Upon a hearing before the chancellor in the Circuit Court of Shelby County, the bill was dismissed for want of equity.

May 23, 1894, appellee A. L. Jackson, became indebted *640to appellant in the sum of $125 for a binder, and on October 24, 1895, appellant recovered a judgment therefor against said appellee in the Circuit Court of Shelby County for $134.11 and costs of suit. November 20, 1895, an execution on said judgment issued to the sheriff of Moultrie county, which execution was never returned. June 7,1902, an execution on said judgment issued to the sheriff of Shelby county, which execution was returned July 16,1902, no property found.”

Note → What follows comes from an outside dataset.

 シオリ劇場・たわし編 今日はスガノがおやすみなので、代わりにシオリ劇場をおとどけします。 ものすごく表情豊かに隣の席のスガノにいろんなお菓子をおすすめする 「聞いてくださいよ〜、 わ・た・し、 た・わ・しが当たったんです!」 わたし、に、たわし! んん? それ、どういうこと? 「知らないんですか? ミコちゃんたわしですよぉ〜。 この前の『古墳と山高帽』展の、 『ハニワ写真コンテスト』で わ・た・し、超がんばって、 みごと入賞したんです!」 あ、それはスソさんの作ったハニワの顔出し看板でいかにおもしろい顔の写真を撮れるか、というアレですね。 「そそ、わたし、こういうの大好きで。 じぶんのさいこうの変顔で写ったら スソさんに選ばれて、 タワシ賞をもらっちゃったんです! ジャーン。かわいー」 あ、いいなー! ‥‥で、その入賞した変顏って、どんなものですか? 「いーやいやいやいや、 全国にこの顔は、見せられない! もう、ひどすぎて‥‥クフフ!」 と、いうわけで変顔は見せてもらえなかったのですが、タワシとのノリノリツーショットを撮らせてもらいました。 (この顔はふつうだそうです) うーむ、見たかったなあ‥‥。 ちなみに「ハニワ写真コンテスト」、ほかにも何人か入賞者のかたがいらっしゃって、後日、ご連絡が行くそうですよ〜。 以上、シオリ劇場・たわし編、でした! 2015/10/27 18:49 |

The evidence discloses the following facts relative to the property here involved: December 17, 1894, appellee A. L. Jackson, for the expressed consideration of $625, executed a bill of sale of substantially all his personal property consisting of farm machinery, live stock and growing grain, to his wife, Sarah B. Jackson. The bill of sale was recorded December 19, 1894. Appellees were then tenant farmers in a small way, and appellee A. L. Jackson also worked at his trade of carpenter and plasterer. December 14, 1895, appellee Sarah B. Jackson, her brother and sister, purchased at master’s sale 125 acres of land belonging to their deceased father, for the sum of $2,520, and the same was subsequently divided between the three, Sarah B. Jackson taking forty-five acres in severalty. Her share as heir, being one-seventh, amounting to $360, she applied upon the purchase price of the land and the balance, amounting to $480, she paid part in cash and joined with the other purchasers in executing a mortgage of $700 on the premises, to secure the remainder. This mortgage was subsequently paid by the purchasers in equal parts, appellee Sarah B. Jackson, realizing her share thereof by a sale of the forty-five acres, which she then owned in severalty, for $1,000.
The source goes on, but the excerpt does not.